Simple yet technically superb, 21 Sep 2006
Anyone interested in the area of quantum mechanics should read this book. It is easy to understand, yet detailed and technically superb - explaining the various different interpretations that are available. This book is particularly impressive in bridging the knowledge gap that most books on the subject leave - the gap between quantum mechanics and what it implies for the human mind and our everyday lives. For anyone that thinks quantum mechanics has nothing (or very little) to do with reality - think again!
The main strength of this book is its uncompromising tenacity in explaining and staying with the facts. Where little is known, the authors explain the various thories that are around and their likely implications. For me, this book is the best available explanation of quantum mechanics and its unexpected possibilities.

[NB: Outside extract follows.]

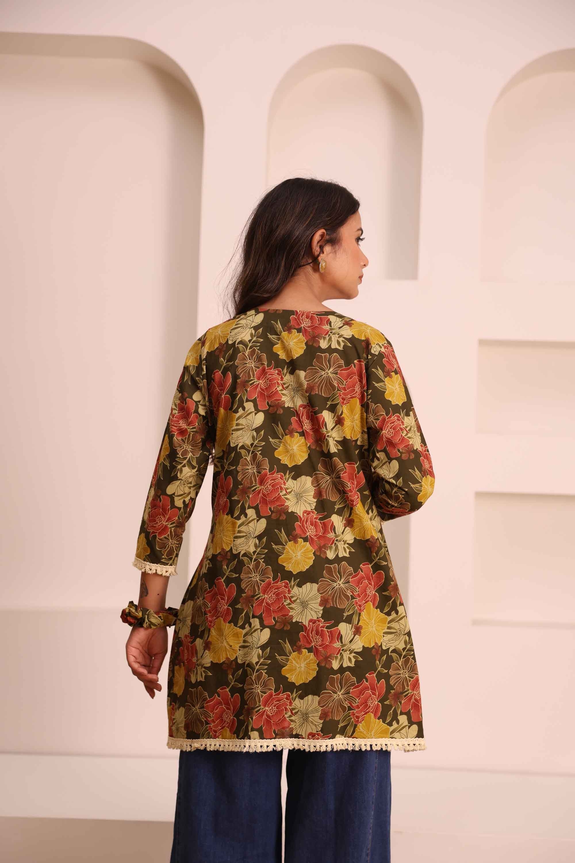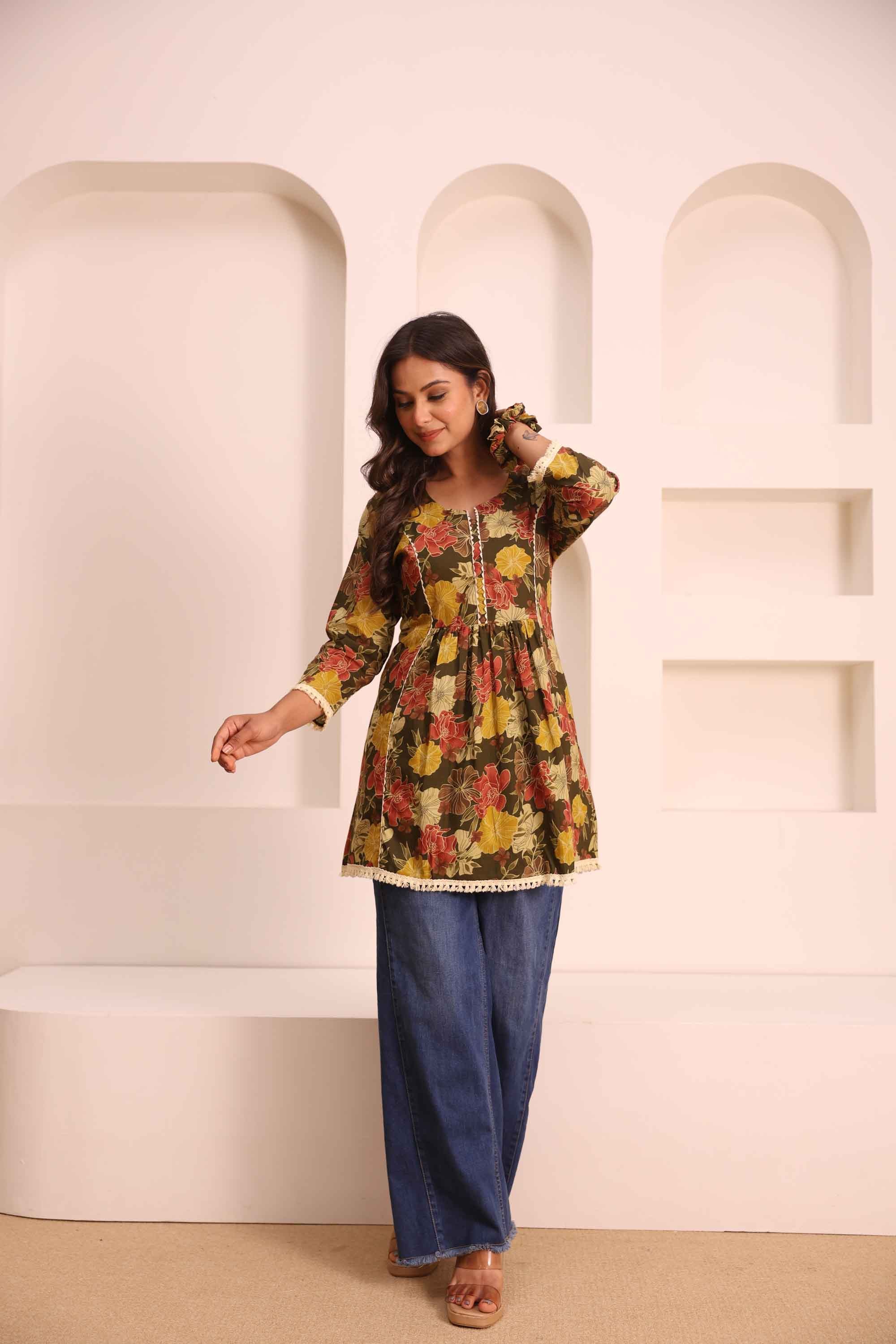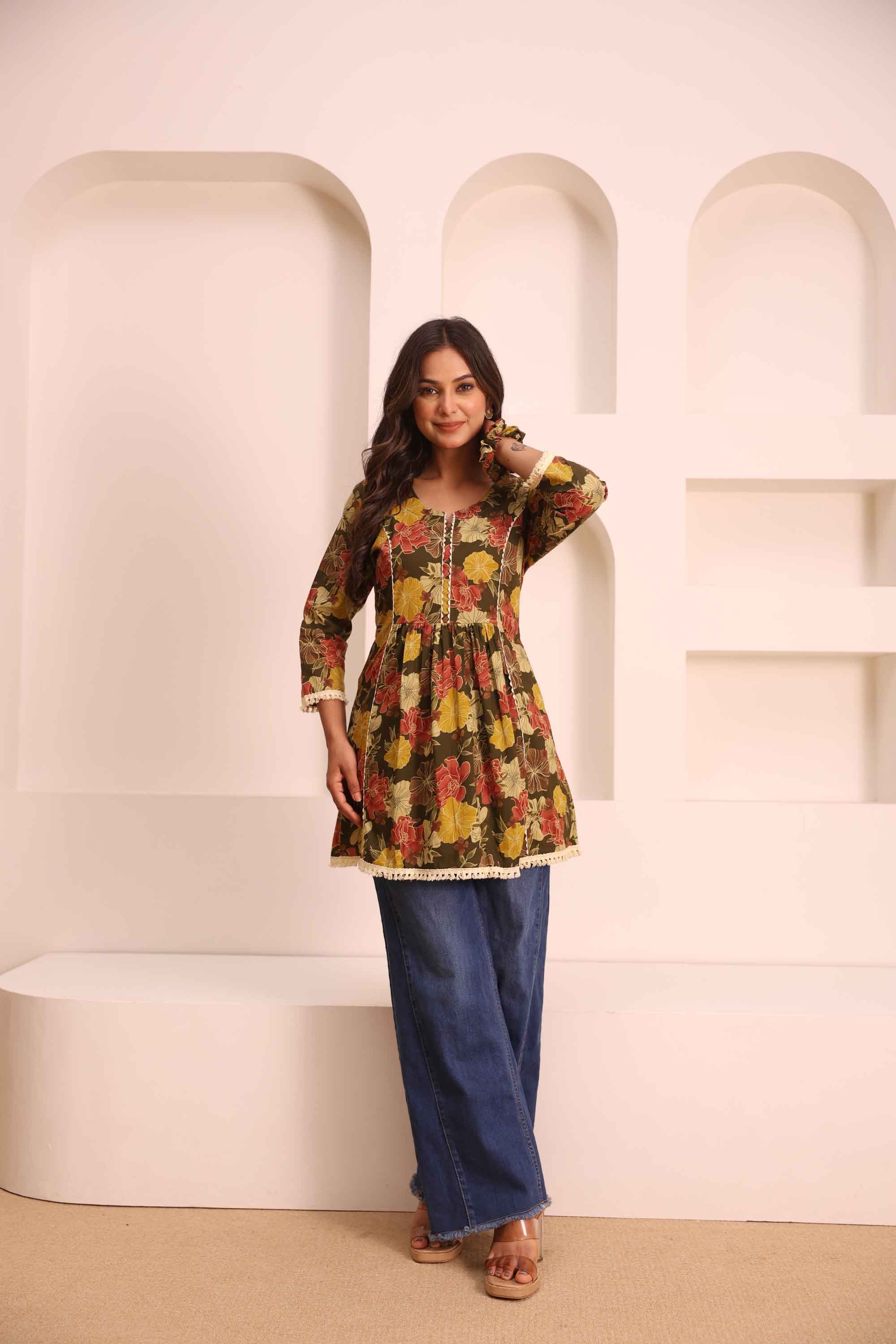 Falls gracefully at calf length with a flared hemline for added movement and charm. Elevate your everyday look with this stylish floral printed cotton kurta crafted from soft, breathable cotton fabric. The olive green base is beautifully adorned with vibrant pink and yellow floral prints, giving it a fresh and lively appeal. Featuring a round neckline with subtlelace detailing, full sleeves, and a gathered waistline for a flattering silhouette, this tunic perfectly balances comfort and elegance. The delicate lace trim at the hem and sleeve ends adds a graceful finishing touch.

Exploring the Unexplorable, 07 Jul 2003
Abbott's Flatland will always remain a classical inspiration for our understanding of higher-dimensional spaces. In drawing the analogy of the way that two dimensional people understand three dimensional space, Abbott allows the reader to ponder ways of investigating higher-dimensional space without the baggage of mathematical formalism. However as Abbott's age and background are firmly rooted in the latter half of the 19th century, it would be thought that the finer nuances alluded to by the author would pass into obscurity. Here, the ingenuity of Ian Stewart comes to the fore. Prof Stewart refreshes Abbott's text with his annotations, detailing every minuscule reference that Abbott makes in his 19th century world. The result is an informed invigoration of a classic and opens more paths to inspiration in diverse disciplines such as theology and partical physics. The book does require at least two readings; once for the story itself to bring alive the narrative of A Square, the second to fit in the background provided by Stewart around the story. One could almost say that Stewart uses a fourth dimension of time to expand a three dimensional tale that belongs in more dimensions.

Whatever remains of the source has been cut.